What are the lines from the top of the entries below through the line containing "или повеќе натпревари."? Return them exactly, both ends included, without the pictures.

RECORD SET Start Marker

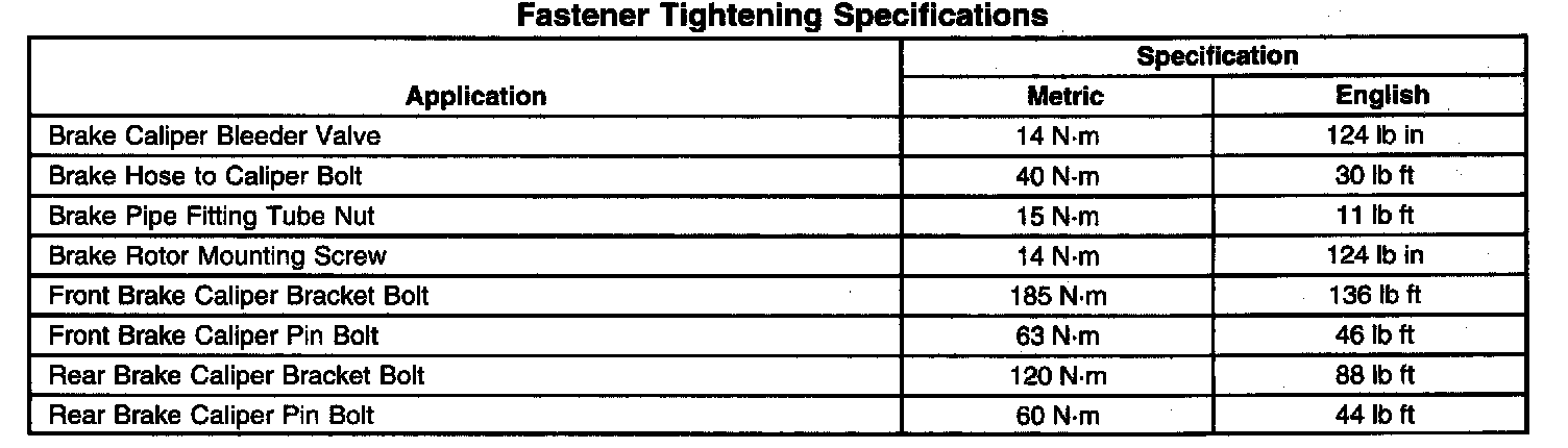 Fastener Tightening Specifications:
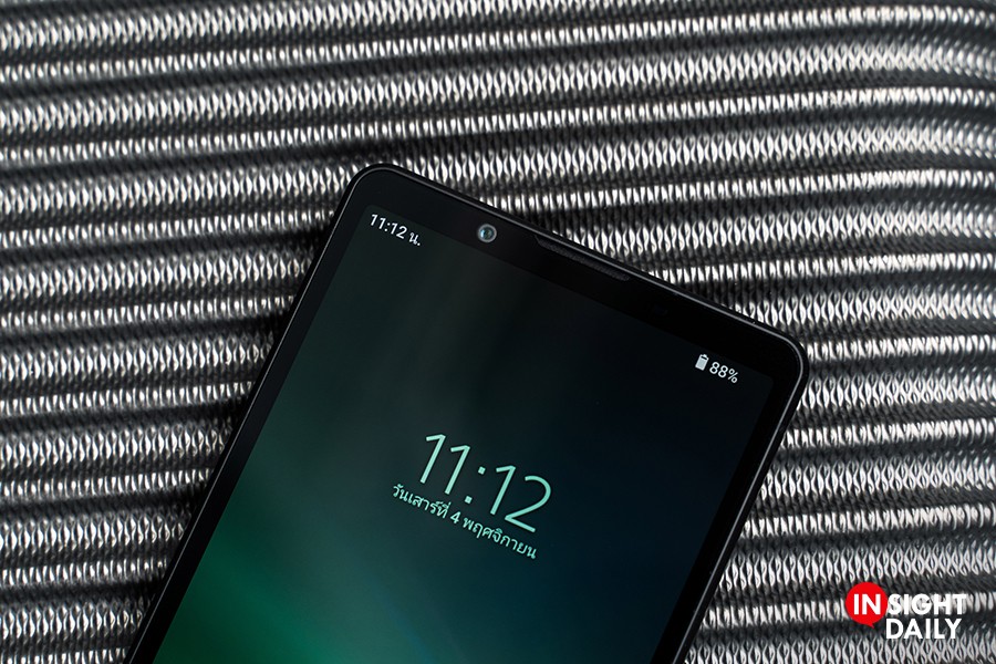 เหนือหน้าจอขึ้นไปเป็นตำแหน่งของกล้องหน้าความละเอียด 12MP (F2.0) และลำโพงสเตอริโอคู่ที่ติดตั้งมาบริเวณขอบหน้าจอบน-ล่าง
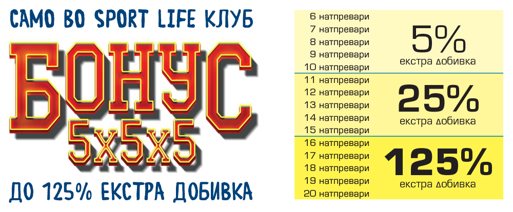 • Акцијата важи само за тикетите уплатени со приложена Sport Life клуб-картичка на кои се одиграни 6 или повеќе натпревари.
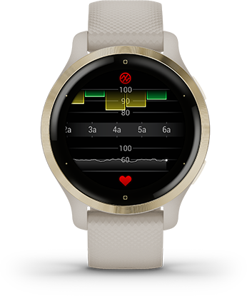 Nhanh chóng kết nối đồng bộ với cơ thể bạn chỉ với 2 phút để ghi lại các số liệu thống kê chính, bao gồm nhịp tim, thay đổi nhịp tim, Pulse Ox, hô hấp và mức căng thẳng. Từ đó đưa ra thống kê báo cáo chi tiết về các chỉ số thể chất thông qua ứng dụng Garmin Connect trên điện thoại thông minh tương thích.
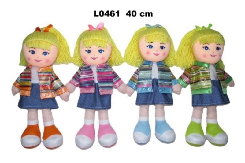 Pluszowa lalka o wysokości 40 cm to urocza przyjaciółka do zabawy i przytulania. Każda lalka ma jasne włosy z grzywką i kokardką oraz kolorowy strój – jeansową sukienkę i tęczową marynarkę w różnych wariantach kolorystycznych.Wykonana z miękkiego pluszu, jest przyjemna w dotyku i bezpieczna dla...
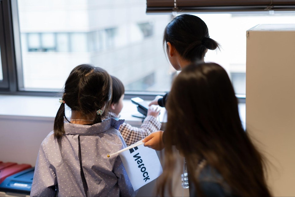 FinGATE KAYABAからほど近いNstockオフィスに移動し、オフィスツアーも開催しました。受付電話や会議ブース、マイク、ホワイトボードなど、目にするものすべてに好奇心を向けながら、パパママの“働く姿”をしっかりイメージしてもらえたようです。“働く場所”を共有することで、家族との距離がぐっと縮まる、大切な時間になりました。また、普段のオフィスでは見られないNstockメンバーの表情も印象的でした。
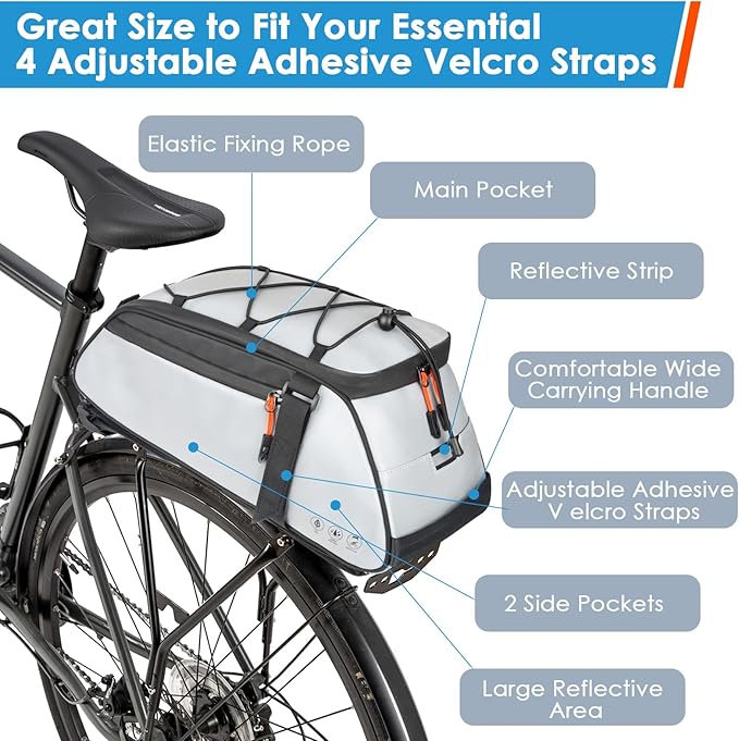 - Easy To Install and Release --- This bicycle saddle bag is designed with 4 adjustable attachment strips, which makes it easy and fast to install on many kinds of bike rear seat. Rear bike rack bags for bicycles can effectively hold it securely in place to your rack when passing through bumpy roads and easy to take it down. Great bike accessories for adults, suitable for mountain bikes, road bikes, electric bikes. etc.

RECORD SET End Marker

> **OUTPUT OF THE EXERCISE**
 Fastener Tightening Specifications:
 เหนือหน้าจอขึ้นไปเป็นตำแหน่งของกล้องหน้าความละเอียด 12MP (F2.0) และลำโพงสเตอริโอคู่ที่ติดตั้งมาบริเวณขอบหน้าจอบน-ล่าง
 • Акцијата важи само за тикетите уплатени со приложена Sport Life клуб-картичка на кои се одиграни 6 или повеќе натпревари.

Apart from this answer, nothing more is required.